Comparison of ET between satellite and best-fit identified ML model
Monthly bias correction factor (Δ) for conversion of MODIS PET data to corrected PET data (mm/day)
Jan . | Feb . | Mar . | April . | May . | June . | July . | August . | September . | Oct . | Nov . | Dec . |
---|---|---|---|---|---|---|---|---|---|---|---|
2.77 | 3.04 | 3.455 | 3.575 | 2.89 | 1.035 | 0.385 | 0.485 | 0.105 | 1.205 | 1.965 | 2.375 |
Jan . | Feb . | Mar . | April . | May . | June . | July . | August . | September . | Oct . | Nov . | Dec . |
---|---|---|---|---|---|---|---|---|---|---|---|
2.77 | 3.04 | 3.455 | 3.575 | 2.89 | 1.035 | 0.385 | 0.485 | 0.105 | 1.205 | 1.965 | 2.375 |
Correlation between ET from satellite and best-identified LS-SVM model before (a) and after (b) bias corrections.
Correlation between ET from satellite and best-identified LS-SVM model before (a) and after (b) bias corrections.
Spatial variations of ET from satellite before (a) and after (b) bias corrections.
Spatial variations of ET from satellite before (a) and after (b) bias corrections.
CONCLUSION
The present research demonstrated the ability of ML algorithms (MLR, ANN, LS-SVM and ANFIS) for modeling and predicting the monthly ET0 in semi-arid subtropical climate of Indian Punjab. From the results, it is found that during calibration, the best performing model was ANFIS10 followed by LS-SVM, ANN2, ANN1, ANFIS2, MLR and ANFIS9 for monthly ET0 prediction in the study area. However, during validation period, LS-SVM model was identified as the best model followed by ANN2, ANN1, ANFIS10, ANFIS2, MLR and ANFIS9 for monthly ET0 prediction.
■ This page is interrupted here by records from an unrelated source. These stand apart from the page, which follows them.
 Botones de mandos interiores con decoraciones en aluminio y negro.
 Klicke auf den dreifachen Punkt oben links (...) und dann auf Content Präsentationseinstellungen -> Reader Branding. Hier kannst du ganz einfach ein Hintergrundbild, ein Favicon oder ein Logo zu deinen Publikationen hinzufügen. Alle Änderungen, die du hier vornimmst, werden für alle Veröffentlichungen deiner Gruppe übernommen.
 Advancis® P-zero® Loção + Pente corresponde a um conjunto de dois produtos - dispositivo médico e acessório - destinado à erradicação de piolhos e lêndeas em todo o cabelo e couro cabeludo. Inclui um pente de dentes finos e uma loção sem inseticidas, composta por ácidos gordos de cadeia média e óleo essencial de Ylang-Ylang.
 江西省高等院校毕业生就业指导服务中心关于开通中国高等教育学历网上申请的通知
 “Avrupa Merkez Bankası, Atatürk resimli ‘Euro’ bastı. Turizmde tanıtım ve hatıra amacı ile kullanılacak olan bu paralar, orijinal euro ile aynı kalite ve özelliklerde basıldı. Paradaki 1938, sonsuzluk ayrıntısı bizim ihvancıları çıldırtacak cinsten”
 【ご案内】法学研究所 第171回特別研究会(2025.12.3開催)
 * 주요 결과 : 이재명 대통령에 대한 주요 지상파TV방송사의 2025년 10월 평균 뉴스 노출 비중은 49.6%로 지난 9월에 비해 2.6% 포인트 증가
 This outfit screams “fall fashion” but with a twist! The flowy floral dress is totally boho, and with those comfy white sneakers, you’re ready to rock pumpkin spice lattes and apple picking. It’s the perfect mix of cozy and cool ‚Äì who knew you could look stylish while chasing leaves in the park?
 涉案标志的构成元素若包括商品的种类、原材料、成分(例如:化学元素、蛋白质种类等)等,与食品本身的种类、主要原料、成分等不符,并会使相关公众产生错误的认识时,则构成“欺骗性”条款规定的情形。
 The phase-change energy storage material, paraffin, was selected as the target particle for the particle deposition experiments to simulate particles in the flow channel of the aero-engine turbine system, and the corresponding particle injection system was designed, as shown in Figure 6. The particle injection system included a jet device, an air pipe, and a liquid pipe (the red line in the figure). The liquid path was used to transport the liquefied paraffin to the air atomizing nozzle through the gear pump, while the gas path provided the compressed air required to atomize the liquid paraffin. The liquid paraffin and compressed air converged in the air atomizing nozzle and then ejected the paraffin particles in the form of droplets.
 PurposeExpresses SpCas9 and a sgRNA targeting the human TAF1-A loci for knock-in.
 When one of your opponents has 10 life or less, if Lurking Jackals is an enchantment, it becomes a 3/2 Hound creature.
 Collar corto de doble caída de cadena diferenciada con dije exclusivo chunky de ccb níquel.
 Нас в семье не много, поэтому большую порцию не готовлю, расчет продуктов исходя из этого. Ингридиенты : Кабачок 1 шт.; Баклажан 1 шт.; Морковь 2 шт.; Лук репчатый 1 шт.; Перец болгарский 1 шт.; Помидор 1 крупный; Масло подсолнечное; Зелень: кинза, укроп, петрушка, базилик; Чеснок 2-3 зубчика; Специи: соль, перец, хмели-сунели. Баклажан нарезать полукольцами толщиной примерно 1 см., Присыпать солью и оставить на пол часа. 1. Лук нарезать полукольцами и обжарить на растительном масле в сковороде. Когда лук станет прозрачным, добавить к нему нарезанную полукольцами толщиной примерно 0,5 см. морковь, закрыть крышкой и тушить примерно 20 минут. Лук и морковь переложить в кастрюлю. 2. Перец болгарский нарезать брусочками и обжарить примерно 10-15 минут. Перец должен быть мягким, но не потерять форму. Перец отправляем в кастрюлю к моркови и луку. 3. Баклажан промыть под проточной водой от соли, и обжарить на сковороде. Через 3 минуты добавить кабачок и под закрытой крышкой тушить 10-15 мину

Among the subtractive clustering and grid partition algorithm of FIS of ANFIS model, subtractive clustering algorithm outperformed when compared with grid partition algorithm. It can be concluded that LS-SVM model is a better choice due to their robustness and flexibility. Furthermore, the satellite overestimated ET in comparison to best-fit identified ML model (LS-SVM) and the performance of MODIS product for the ET estimation increased after applying the correction factor (RMSE reduces to 1.18 from 3.9 mm). The application of ML-based models proves to be useful for handling big data and precise estimates of ET in lowest possible time. This type of study is essential and useful for agricultural scientists and policymakers to analyze the water budget and to cope up with the water scarcity problems at the local to regional levels at different temporal and spatial scales.
ACKNOWLEDGEMENTS
The authors acknowledge the Head of the Department of Climate Change & Agricultural Meteorology, PAU Ludhiana, for providing the desired meteorology datasets.
DATA AVAILABILITY STATEMENT
Data cannot be made publicly available; readers should contact the corresponding author for details.
CONFLICT OF INTEREST
The authors declare there is no conflict.